*Task goal*. Everything in the data gets repeated exactly, except for the pictures.

========

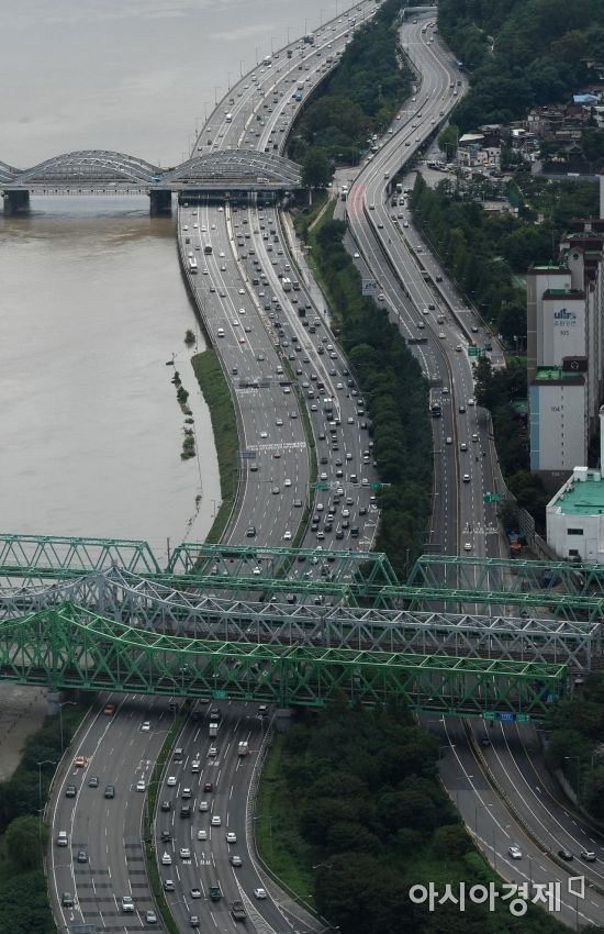 [아시아경제 조인경 기자] 폭우는 잠시 그쳤지만 높아진 한강 수위로 서울시내 도로 곳곳에서 통제가 이어지고 있다.
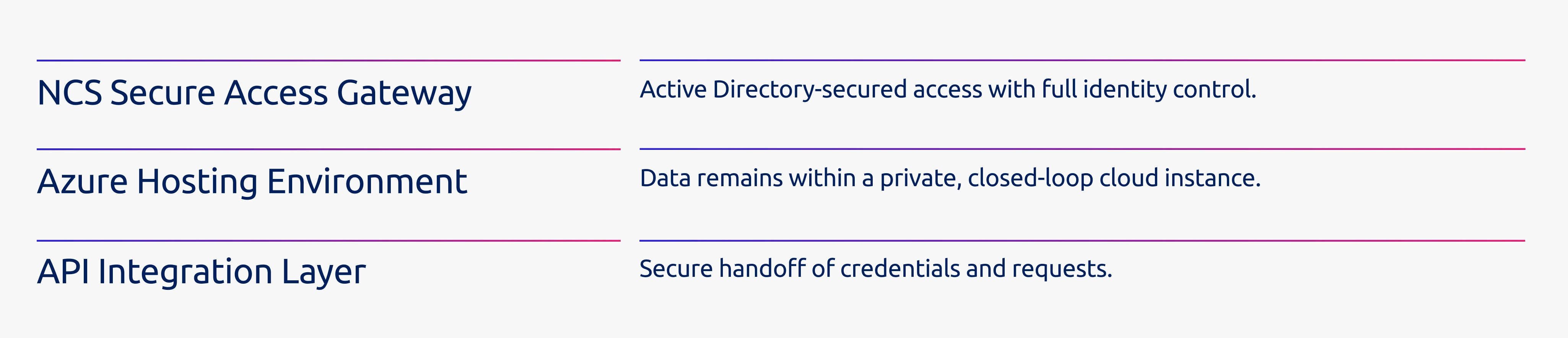 - Secure file interaction: Upload documents without leaving the secure NCS environment.
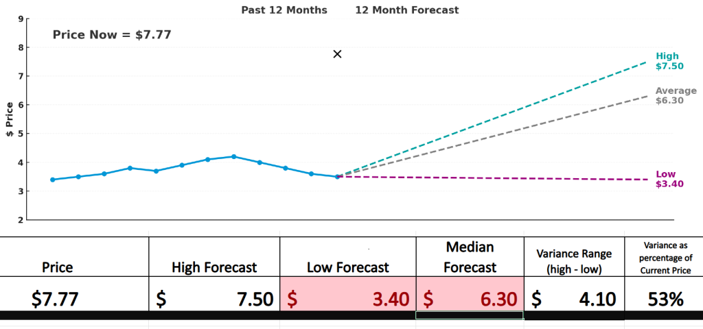 Here’s the punchline: you take the high forecast, subtract the low forecast, and that’s your forward battleground. In this case, the spread comes out to $4.10. That’s 53% of the current price. Which means? The market is gearing up for a fight. A big one. A bucking bronco of potential movement that could yank your account into glory or face-plant it into the dirt if you’re not strapped in tight.
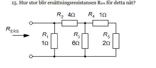 Tack så mycket herr Engineering och Dr. G! Jag kom fram till att R5 och R4 = 3 ohm, och parallellt kopplad med R3 blir den 2 ohm. Ersättningsresistorn är kopplad i serie med R2, och blir därför 6 ohm, som sedan är kopplad parallellt med R1. 1/1 + 1/6 = 7/6. Inverterat 6/7 ~ 0,86 ohm.
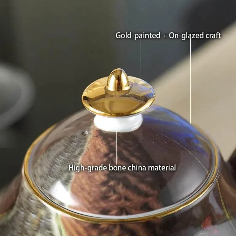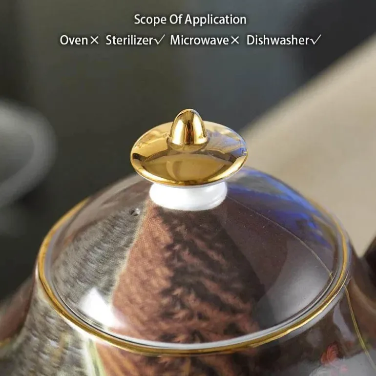 Diese Teekanne wird sicher in dickem Schaumstoff verpackt geliefert und kommt sicher zu Ihnen nach Hause. Sie ist nicht nur eine praktische Ergänzung Ihrer Trinkgeschirrsammlung, sondern auch ein liebevolles Geschenk für Freunde und Familie. Ob Sie einen gemütlichen Morgenkaffee genießen oder eine elegante Teeparty veranstalten – diese Teekanne aus Bone China wird Sie beeindrucken.
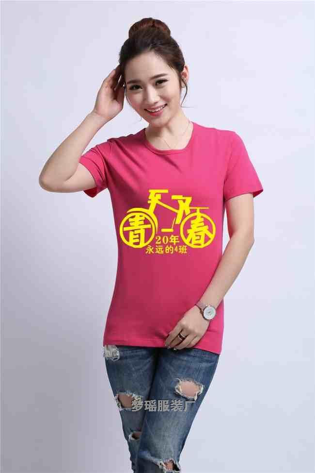 這款同學聚會文化衫圖案(致青春)20年,設計思路是玫紅色,搭配黃色,玫紅色相比大紅色來說不土,顏色雅。這款致青春20的圖案采用的是致青春變形成自行車,青春兩個字,分別在2個圓圈里,代表自行車的2個輪子,致字變成成自行車的車把和大扛,連在一起就是活生生的自行車。自行車的下面是20年,下面是班級名稱永遠的4班?偨Y:致青春這3個字,即是字也是圖案,設計的甚是巧,可見,我廠設計師設計水平。

========

*Solution to this task*.
 [아시아경제 조인경 기자] 폭우는 잠시 그쳤지만 높아진 한강 수위로 서울시내 도로 곳곳에서 통제가 이어지고 있다.
 - Secure file interaction: Upload documents without leaving the secure NCS environment.
 Here’s the punchline: you take the high forecast, subtract the low forecast, and that’s your forward battleground. In this case, the spread comes out to $4.10. That’s 53% of the current price. Which means? The market is gearing up for a fight. A big one. A bucking bronco of potential movement that could yank your account into glory or face-plant it into the dirt if you’re not strapped in tight.
 Tack så mycket herr Engineering och Dr. G! Jag kom fram till att R5 och R4 = 3 ohm, och parallellt kopplad med R3 blir den 2 ohm. Ersättningsresistorn är kopplad i serie med R2, och blir därför 6 ohm, som sedan är kopplad parallellt med R1. 1/1 + 1/6 = 7/6. Inverterat 6/7 ~ 0,86 ohm.
 Diese Teekanne wird sicher in dickem Schaumstoff verpackt geliefert und kommt sicher zu Ihnen nach Hause. Sie ist nicht nur eine praktische Ergänzung Ihrer Trinkgeschirrsammlung, sondern auch ein liebevolles Geschenk für Freunde und Familie. Ob Sie einen gemütlichen Morgenkaffee genießen oder eine elegante Teeparty veranstalten – diese Teekanne aus Bone China wird Sie beeindrucken.
 這款同學聚會文化衫圖案(致青春)20年,設計思路是玫紅色,搭配黃色,玫紅色相比大紅色來說不土,顏色雅。這款致青春20的圖案采用的是致青春變形成自行車,青春兩個字,分別在2個圓圈里,代表自行車的2個輪子,致字變成成自行車的車把和大扛,連在一起就是活生生的自行車。自行車的下面是20年,下面是班級名稱永遠的4班?偨Y:致青春這3個字,即是字也是圖案,設計的甚是巧,可見,我廠設計師設計水平。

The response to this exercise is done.